Surging demand will see China become the world’s largest importer of liquefied natural gas (LNG) this year, stealing the crown from Japan, according to forecasts from energy research company Wood Mackenzie.

After a lacklustre 2020, Asian LNG demand firmly returned to growth in the first five months of 2021, with China the single biggest contributor. Wood Mackenzie now expects 11 million tonnes of demand growth from China this year, meaning the nation will account for over half of the 18 million tonnes increase in global LNG demand forecast for 2021. With its LNG demand bolstered by clear policy support and strong gas market fundamentals, China’s top spot looks assured for years to come, predicts the research company.

The resilient gas demand growth is in large part driven by China’s overall economic performance. But LNG demand is also supported by strong growth within the space heating and industrial gas demand sectors, but most notably due to rising electricity consumption.

In the first four months of this year, demand for gas-fired power generation jumped 14% year-on-year, said Wood Mackenzie.

“To keep up with demand, power plants have purchased more gas and are running gas-fired units for longer.
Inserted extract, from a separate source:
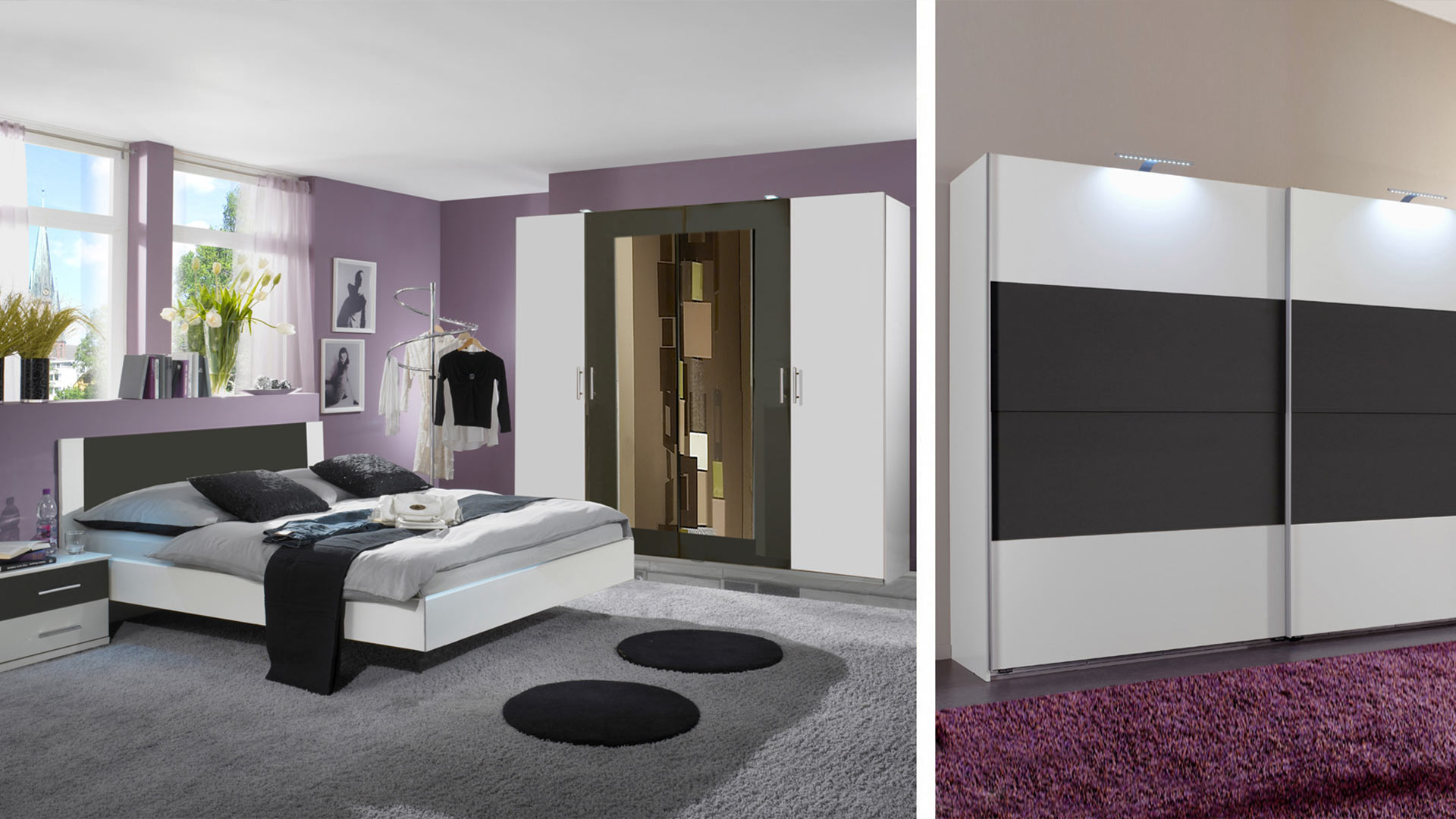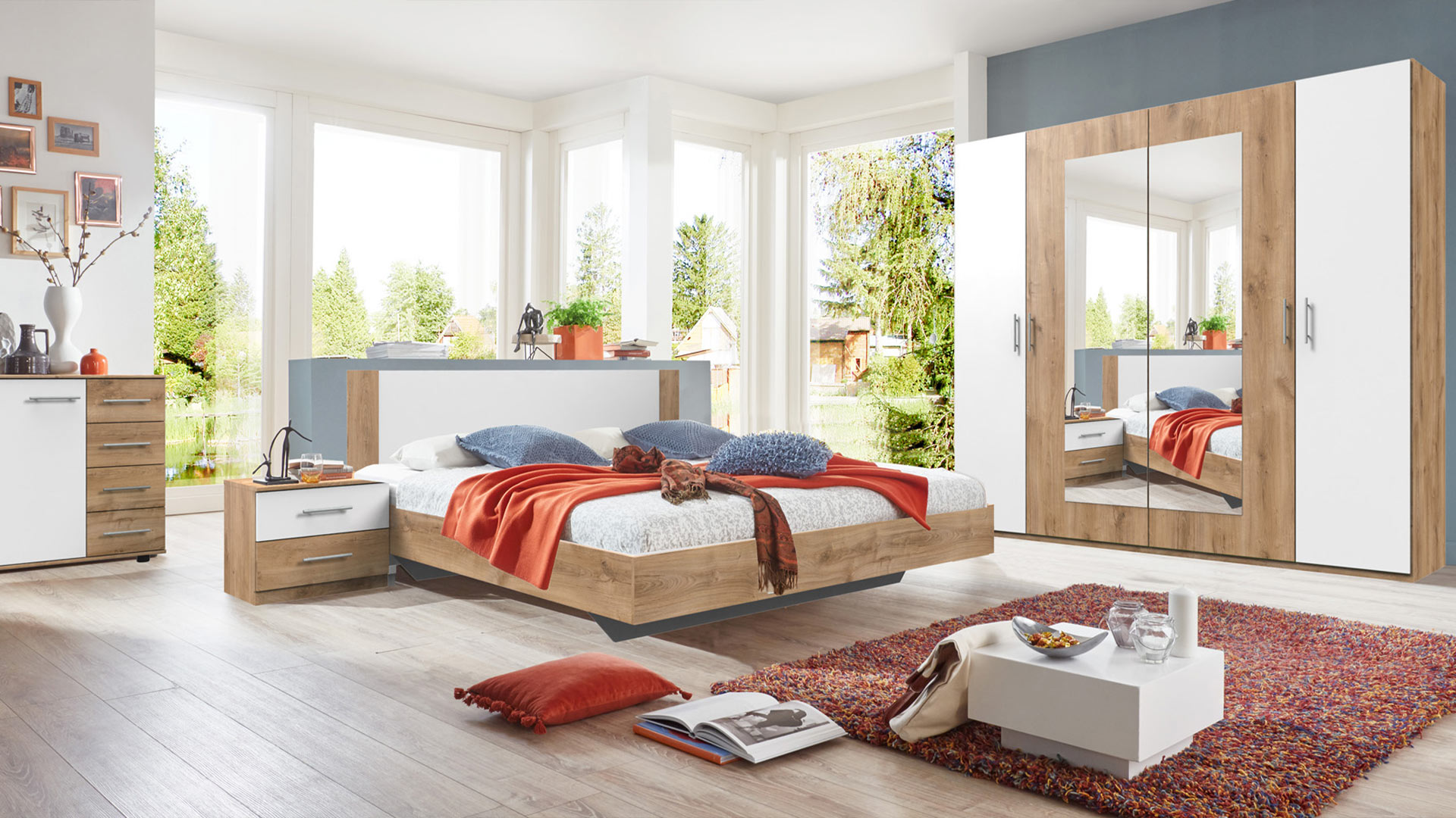 NORA is all about colour blocking. Two rustic wood tones with white or graphite-coloured offsets and a contrasting combination of plain white with accents in strong graphite attract all eyes. On the hinge-door wardrobe with two mirrored doors, the entire mirrored surface appears to be framed with bold colour stripes, while the sliding-door wardrobe makes a statement with its large-scale colour stripe.

But with the Asian spot LNG price above US$10/mmbtu, users have an increasing preference for lower-cost pipeline gas when available. However, pipeline gas supply remains constrained, and for power generators under political pressure to ensure electricity supply, this has encouraged more LNG imports, even at higher cost,” said Xueke Wang, Asia Pacific gas analyst at Wood Mackenzie.

“Spot LNG has been the most competitive gas import option into China for the past two years. But rising prices have now brought this competitive advantage to an end, and LNG may well become a cost-disadvantaged supply option versus pipeline imports over the next two years. We will be watching closely how Chinese demand responds to these price movements,” added Wang.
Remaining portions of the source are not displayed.